Material for this exercise.
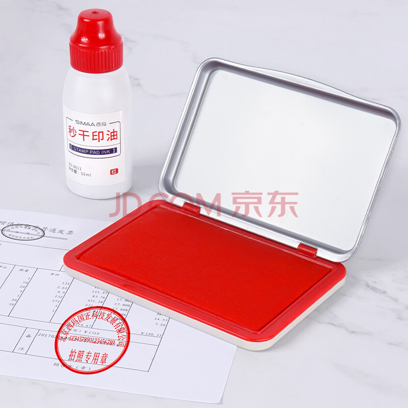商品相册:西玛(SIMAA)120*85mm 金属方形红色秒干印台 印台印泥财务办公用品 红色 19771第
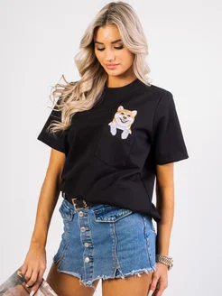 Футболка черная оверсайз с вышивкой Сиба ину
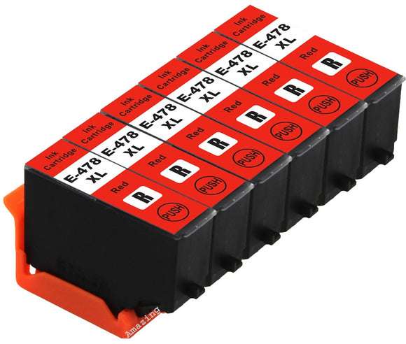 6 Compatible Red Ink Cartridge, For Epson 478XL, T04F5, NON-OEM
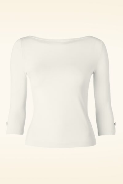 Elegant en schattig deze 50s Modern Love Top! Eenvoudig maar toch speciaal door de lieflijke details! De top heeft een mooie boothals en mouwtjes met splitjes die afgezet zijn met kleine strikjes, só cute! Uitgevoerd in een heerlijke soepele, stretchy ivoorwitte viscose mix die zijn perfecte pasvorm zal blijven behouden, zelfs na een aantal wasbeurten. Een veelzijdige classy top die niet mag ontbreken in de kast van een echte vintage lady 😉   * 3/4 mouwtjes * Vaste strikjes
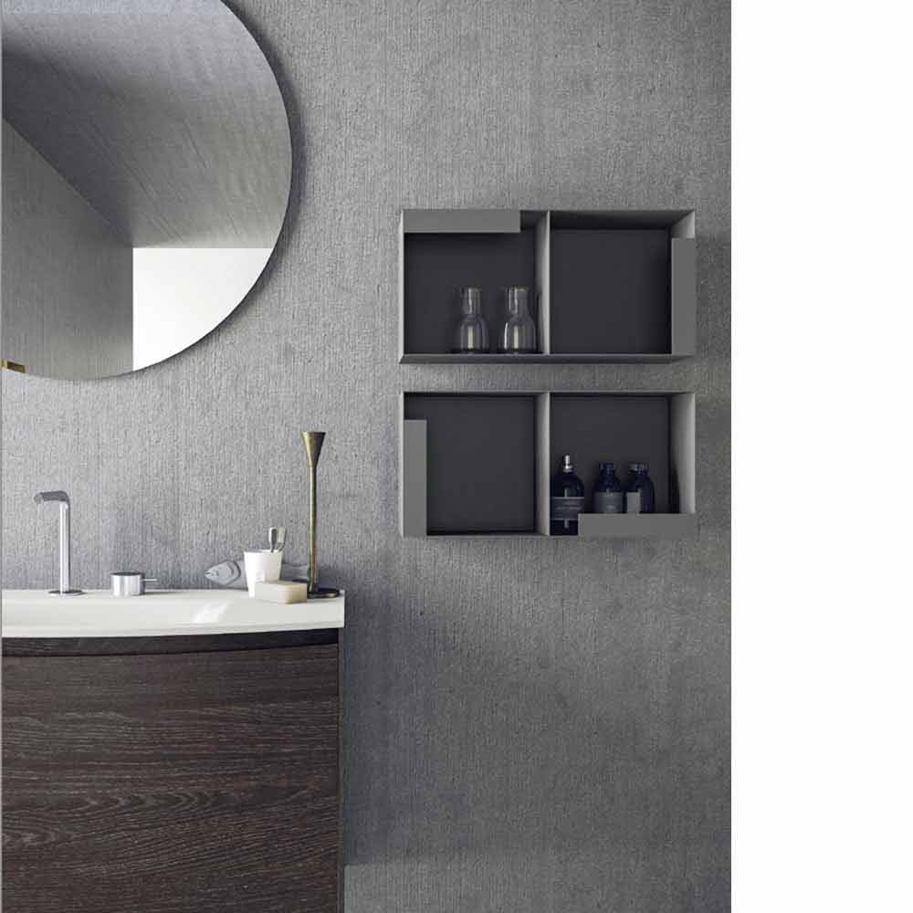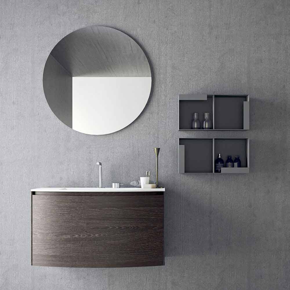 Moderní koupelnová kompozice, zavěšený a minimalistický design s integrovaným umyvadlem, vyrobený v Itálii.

Activity. The answer should be the full material above, printed exactly, with no pictures in it.

Your solution.
商品相册:西玛(SIMAA)120*85mm 金属方形红色秒干印台 印台印泥财务办公用品 红色 19771第
 Футболка черная оверсайз с вышивкой Сиба ину
 6 Compatible Red Ink Cartridge, For Epson 478XL, T04F5, NON-OEM
 Elegant en schattig deze 50s Modern Love Top! Eenvoudig maar toch speciaal door de lieflijke details! De top heeft een mooie boothals en mouwtjes met splitjes die afgezet zijn met kleine strikjes, só cute! Uitgevoerd in een heerlijke soepele, stretchy ivoorwitte viscose mix die zijn perfecte pasvorm zal blijven behouden, zelfs na een aantal wasbeurten. Een veelzijdige classy top die niet mag ontbreken in de kast van een echte vintage lady 😉   * 3/4 mouwtjes * Vaste strikjes
 Moderní koupelnová kompozice, zavěšený a minimalistický design s integrovaným umyvadlem, vyrobený v Itálii.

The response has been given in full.